Владимир Качан - Роковая Маруся
Кока в это время поставил поднос на стол и стал сгружать с него всю свою снедь! За эти несколько секунд рефлекс узнавания догнал Машу и послал ей в мозг сигнал надвигающейся катастрофы. «Не может быть», – подумала она и стала медленно поднимать глаза, все еще надеясь на чудо, на то, что это – не он. А Кока освободил наконец поднос и только тут посмотрел на соседку по столу. «Здравствуй, ужас!» – только так можно было назвать эту картину, застывшую безмолвно посреди оживленной пельменной. Над щеками Маши, разбухшими, как у запасливого хомяка, от непрожеванной пищи, которой было куда как далеко до творожка, панически метались огромные глаза в поисках хоть какого-нибудь выхода. Выхода не было. Ничего нельзя было сделать в этой ситуации, невозможно ничего придумать.
А у Коки задрожал поднос в руке, и он элементарно покраснел, покраснел так, как не краснел никогда в жизни, будто Маша не с пельменями его сейчас за–стала, а с другой женщиной в постели, словно его поймали сейчас на чудовищной измене. Однако, читатель, заметим, что это была хуже, чем физическая измена, это была измена идеалам. Вот так они смотрели друг на друга минуту, в которую вместилось все. Они так долго прикидывались, играли, старались выглядеть лучше, чем они есть на самом деле, так долго писали свой роман, что для естественной жизни в нем уже не осталось места. Обоим стало понятно, что вот и кончилась любовь. Какая мелочь, в сущности, микроб может все испортить!

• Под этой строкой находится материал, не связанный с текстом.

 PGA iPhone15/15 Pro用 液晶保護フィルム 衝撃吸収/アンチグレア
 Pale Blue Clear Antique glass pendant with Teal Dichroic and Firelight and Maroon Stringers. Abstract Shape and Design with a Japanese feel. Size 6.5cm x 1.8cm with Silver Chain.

Вот тут бы им засмеяться, обратить все в шутку, но нет! – не тот случай, слишком много игры было между ними, и сейчас вся игра куда-то ушла, и в первый раз за все время они были совершенно искренни, растеряны и огорчены; оба поняли в этот момент, что все кончилось, что Кока теперь, если и будет когда-нибудь обнимать ее, непременно вспомнит про ангела с набитым пельменями ртом, да и Маша будет вечно помнить его с дурацким и несчастным видом держащим в руке дурацкий поднос; что они уже никогда больше не смогут серьезно относиться друг к другу даже в минуты близости, а значит, близость теперь исключена; уже нельзя шептать в постели милые нежности: все будет казаться игрой, даже если ею и не будет.
Романтика рухнула! Все! Это был момент истины для наших любовников, и не осталось ничего, кроме усталого сожаления. И все это – в полторы минуты!

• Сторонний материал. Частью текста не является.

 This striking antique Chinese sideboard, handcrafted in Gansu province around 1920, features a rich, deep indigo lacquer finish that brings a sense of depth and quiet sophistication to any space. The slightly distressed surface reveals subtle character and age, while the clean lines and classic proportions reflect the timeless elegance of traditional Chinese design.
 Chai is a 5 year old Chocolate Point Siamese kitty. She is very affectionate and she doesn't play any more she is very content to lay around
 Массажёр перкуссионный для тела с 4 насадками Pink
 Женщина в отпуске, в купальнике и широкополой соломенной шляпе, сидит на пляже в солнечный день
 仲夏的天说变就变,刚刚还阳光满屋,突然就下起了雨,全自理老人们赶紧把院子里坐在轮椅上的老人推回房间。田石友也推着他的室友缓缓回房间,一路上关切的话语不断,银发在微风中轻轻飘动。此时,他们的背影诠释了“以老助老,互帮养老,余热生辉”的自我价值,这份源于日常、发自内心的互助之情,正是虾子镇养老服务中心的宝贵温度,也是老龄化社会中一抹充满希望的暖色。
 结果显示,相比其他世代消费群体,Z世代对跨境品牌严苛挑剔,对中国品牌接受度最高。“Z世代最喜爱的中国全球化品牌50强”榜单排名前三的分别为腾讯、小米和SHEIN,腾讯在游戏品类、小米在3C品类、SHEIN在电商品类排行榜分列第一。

Потом Кока осторожно положил поднос обратно на стол, посмотрел на нее другими глазами – уже не любовника, а все понимающего друга – и сказал, грустно улыбнувшись: «Э-э-эх, Маша… Какие же мы с тобой все-таки… артисты…» Потом поднял руку, будто хотел погладить ее по щеке, но потом раздумал, вздохнул и вышел. И тут Маша впервые за много лет по-настоящему заплакала. Сказать «заплакала» – это ничего не сказать. У нее слезы просто хлынули, будто шлюзы открылись. Бывало, что она плакала от обиды, унижения, злости даже, бывало, что она делала слезы своим неотразимым оружием, но так – никогда: ничего и никого не стыдясь, некрасиво размазывая по лицу слезы рукой с зажатой в ней вилкой и давясь солеными и будто резиновыми пельменями. Она плакала так горько, как плачет ребенок, у которого отняли любимую игру.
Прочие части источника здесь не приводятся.